岡山大学,名古屋大学,東京大学の共同研究グループは,神経活動の「オフ」と「オン」を光でスイッチできる人工タンパク質を創成することに世界で初めて成功した(ニュースリリース)。
ヒトの脳には1000億個を超える数の神経細胞が存在しており,記憶・睡眠・運動などを司る神経活動が成り立っている。神経活動は,細胞内外へと電荷を帯びたイオンが移動し電気が流れることで発生する。例えば,正電荷を帯びたイオンが細胞外から細胞内へと流入することで神経活動は「オン」になり,一方で,負電荷を帯びたイオンが細胞内へと流入することで神経活動は「オフ」になる。
最近,細胞内へのイオンの流れを制御する光感受性のタンパク質を用いて,神経活動を光で操作する技術(光遺伝学)が開発され,脳神経活動の全容の理解が進められている。これまで,神経活動を「オン」にするタイプのタンパク質は数多く開発されてきたが,一方で,神経活動を「オフ」にするタイプのタンパク質の開発は進んでおらず,自由自在に神経活動を操作するための技術的な障害となっていた。

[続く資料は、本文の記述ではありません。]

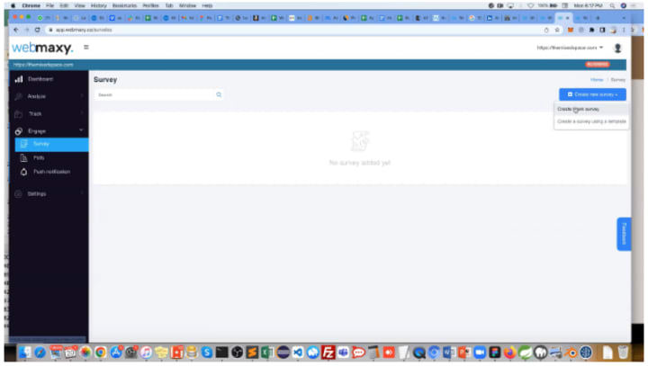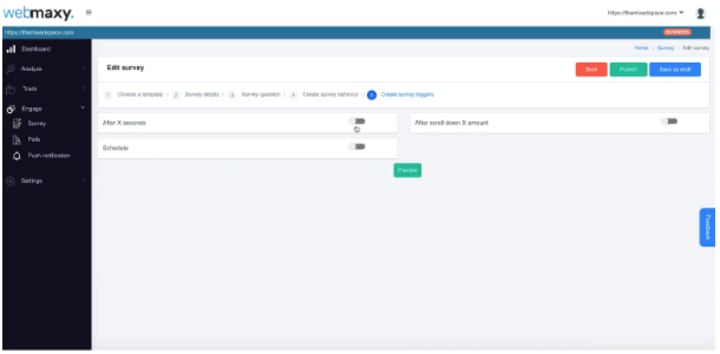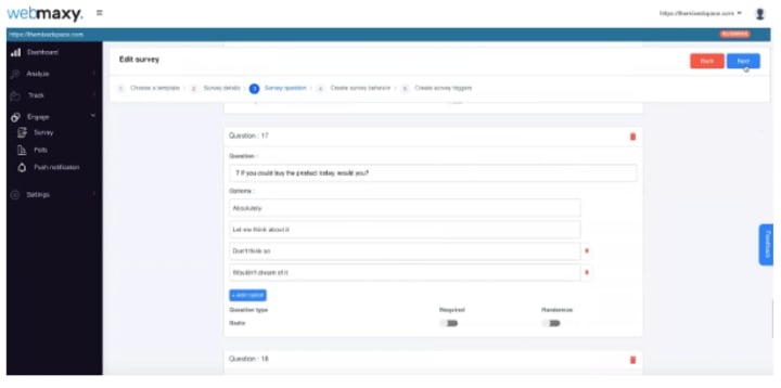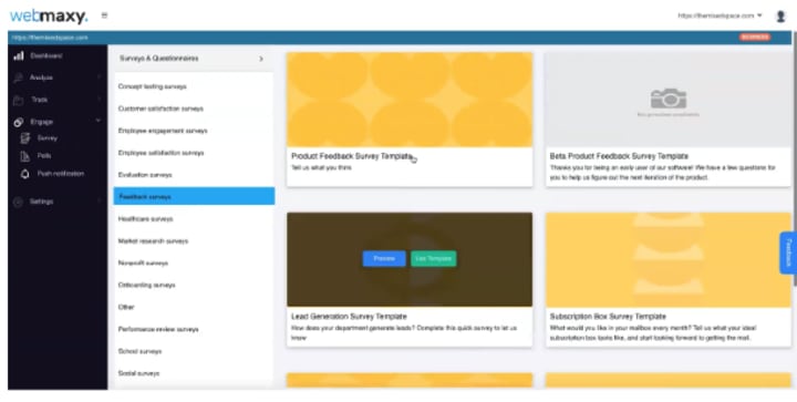 The last piece of data this user tracking tool helps you to collect is how your visitors and customers see you. You can set up a feedback survey with Webmaxy in minutes by following the following steps.

生物の細胞膜には,光によって活動するレチナールタンパク質が存在する。研究グループは,単細胞藻類から見つかったレチナールタンパク質のアニオンチャネルロドプシン2(ACR2)に注目した。ACR2の中央部に存在する4つのアミノ酸残基に,異なるアミノ酸を導入した人工分子をヒト由来の培養細胞で合成し,性質を詳細に調べた。
人工分子に緑色の光を当てると,細胞外から細胞内への塩化物イオンの流入を長時間引き起こすことが分かった。次に<赤色の光を当てると塩化物イオンの流入を瞬時に停止できることがわかり,イオンの流入と停止を切り替えることが可能な新しいタイプの光スイッチ分子の開発に世界で初めて成功した。
細胞内への塩化物イオンの流入は,神経活動を「オフ」にすることができ,その流入を停止することで神経活動を「オン」に戻すことができる。そのため,人工分子を用いることで,緑色と赤色で自由自在に神経活動の「オフ」と「オン」を切り替えることができる。
記憶・睡眠・運動などを司る神経活動は,ヒトにとって必要不可欠な働きであり,正常な働きが破綻してしまうと,記憶や睡眠障害などの疾患につながってしまう。研究グループは,この研究成果で開発した光スイッチ分子を用いて自由自在に神経活動を制御し,からだの中で神経活動がどのような役割を果たしているのかを調べることで,健康推進や疾患の治癒,新薬の創成につながるとしている。